Marc approached cancer in a way I'd never seen before. He was always in. Present and accounted for. He is my friend even in death. I will miss him, and always hold his memory dear.

Jeremy

Malanga

Cuba, 2005, I am the only grad student and Marc's informal "TA" on the UCD Study Abroad trip: One night I eat some very bad chicken and get sick as a dog. I spend about a day alone up in my room at the casa where all the undergrads and I are staying. I had spent the full day laying on the floor next to the toilet in my room. That evening Marc shows up at my door with a big plate of malanga. He tucked me in bed and then sat on a chair to watch me while I tried to eat. He stayed long enough to make sure I could keep a little of it down. I think this was one of the sweetest things ever!! I'm not sure why I start my postings here with this memory as opposed to any other of the many memories of El Profesor... I guess it was the first time that I saw that tender side of Marc....

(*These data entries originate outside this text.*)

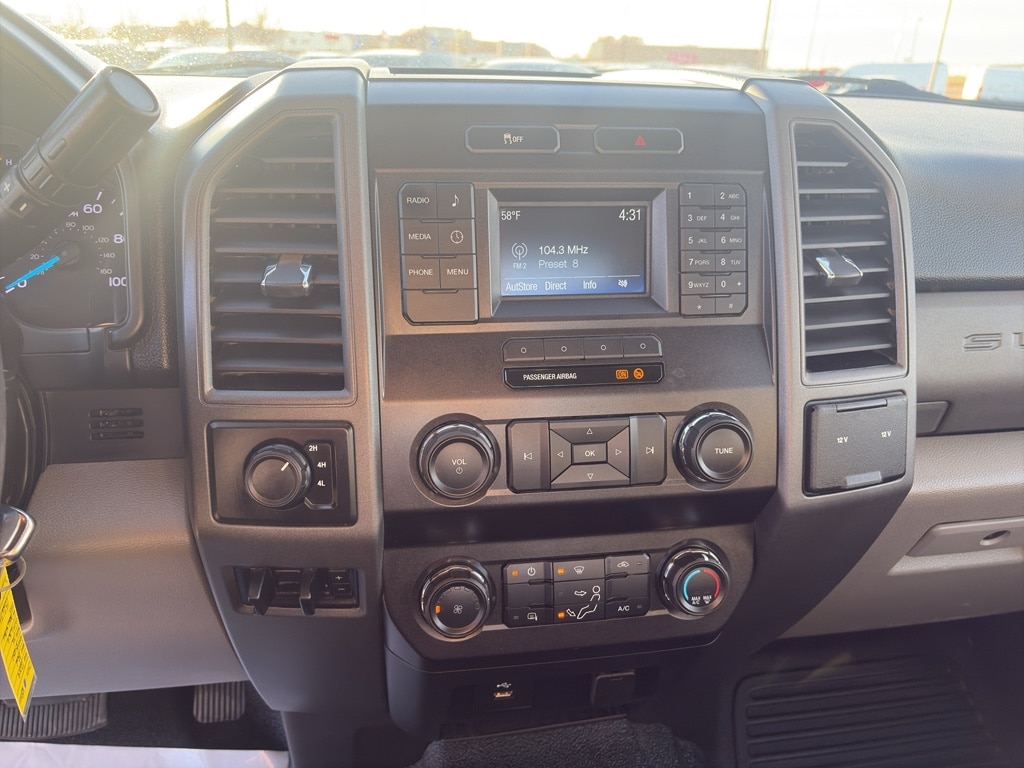 Power Equipment Group: Accessory Delay; Advanced Security Pack; Power Locks; Remote Keyless Entry; Manual Telescoping/folding Trailer Tow Mirrors; Power Front and Rear Seat Windows; Power Tailgate Lock. XL Value Package: Bright Chrome Hub Covers and Center Ornaments; Chrome Front Bumper; 4.2 Center-Stack Screen; Chrome Rear Step Bumper; Steering Wheel-Mounted Cruise Control. XL Decor Group. Order Code 600A: TorqShift-G 6-Speed Automatic Transmission with SelectShift; 17 Argent Painted Steel Wheels; AM/FM Stereo; 6.2L 2-Valve SOHC EFI NA V8 Flex-Fuel Engine; LT245/75Rx17E BSW A/S (4) Tires; 10. 000 Lb Payload Package GVWR; 3.73 Axle Ratio. Platform Running Boards. Spare Tire. Wheel. Carrier and Jack. Steering Wheel-Mounted Cruise Control. Upfitter Switches (6). Heavy-Service Front Suspension Package. Cloth 40/20/40 Split Bench Seat. LED Roof Clearance Lights. **Equipment listed is based on original vehicle build and subject to change. Please confirm the accuracy of the included equipment by calling the dealer prior to purchase.**
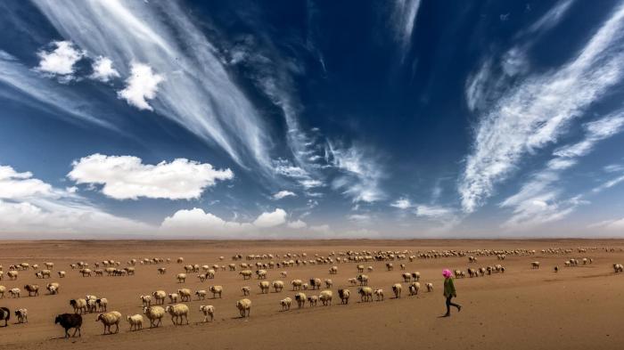 圖為焦生福作品《穿越沙漠的羊群》。青海省祁連山自然保護(hù)協(xié)會供圖
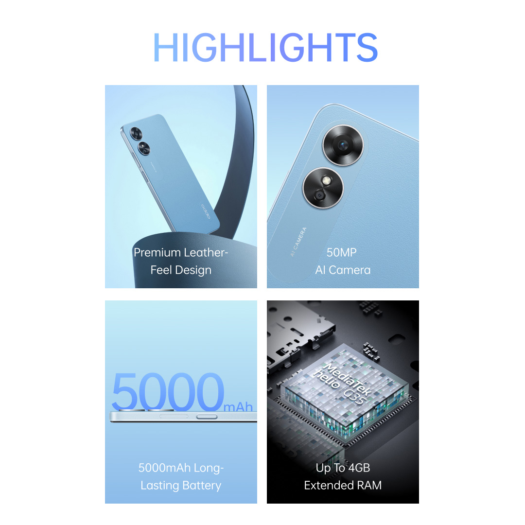 OPPO A17 / Premium-Leather Feel Design / 50MP AI Camera / 5000mAh Long-Lasting Battery
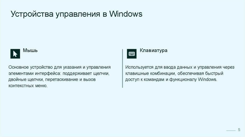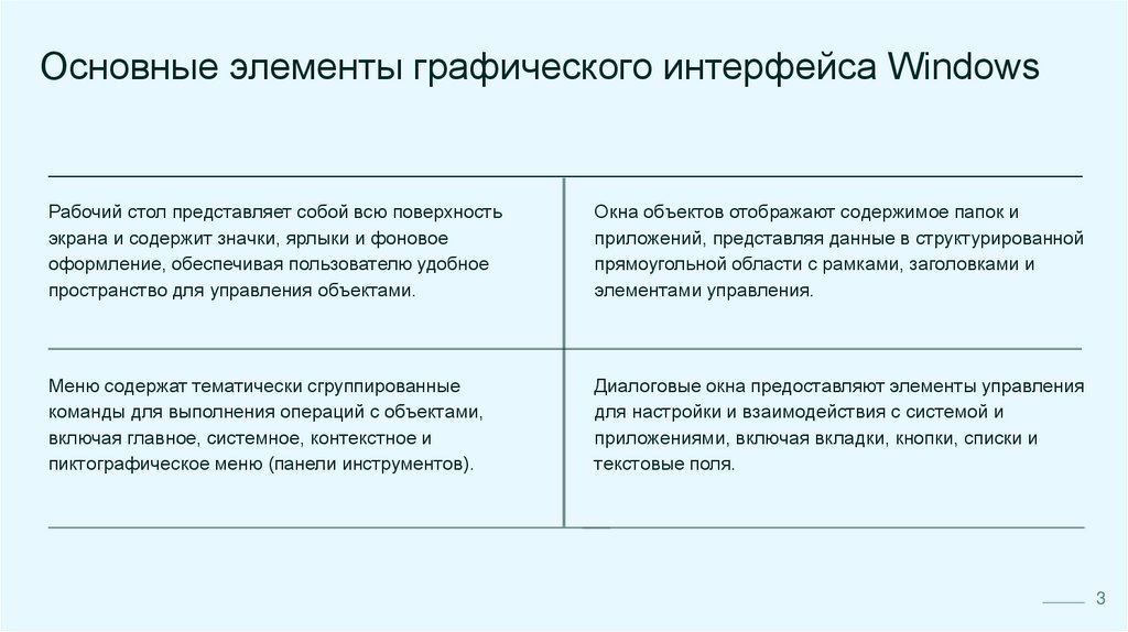 окна, меню и элементы управления с помощью мыши и клавиатуры. Рабочий стол —

I am currently in Puerto Rico and had to chuckle when there were bits of malanga in my chicken soup yesterday... yes, as I nursed another travel-related stomach ache... love you Marc!!

Wednesday, November 11, 2009

Get together?

I was talking last night to some students in the French department, and there is interest in having a get together sometime soon, since the UC Davis memorial for Marc may be a bit far off yet. If anyone wants to take on the task of organizing something-- and I mean like, picking a bar and a time when we can all show up-- that would be great. Or actually, maybe the Delta Venus would be best, as I am sure that his undergraduates would like to attend as well. But how could we get the word out? Any ideas?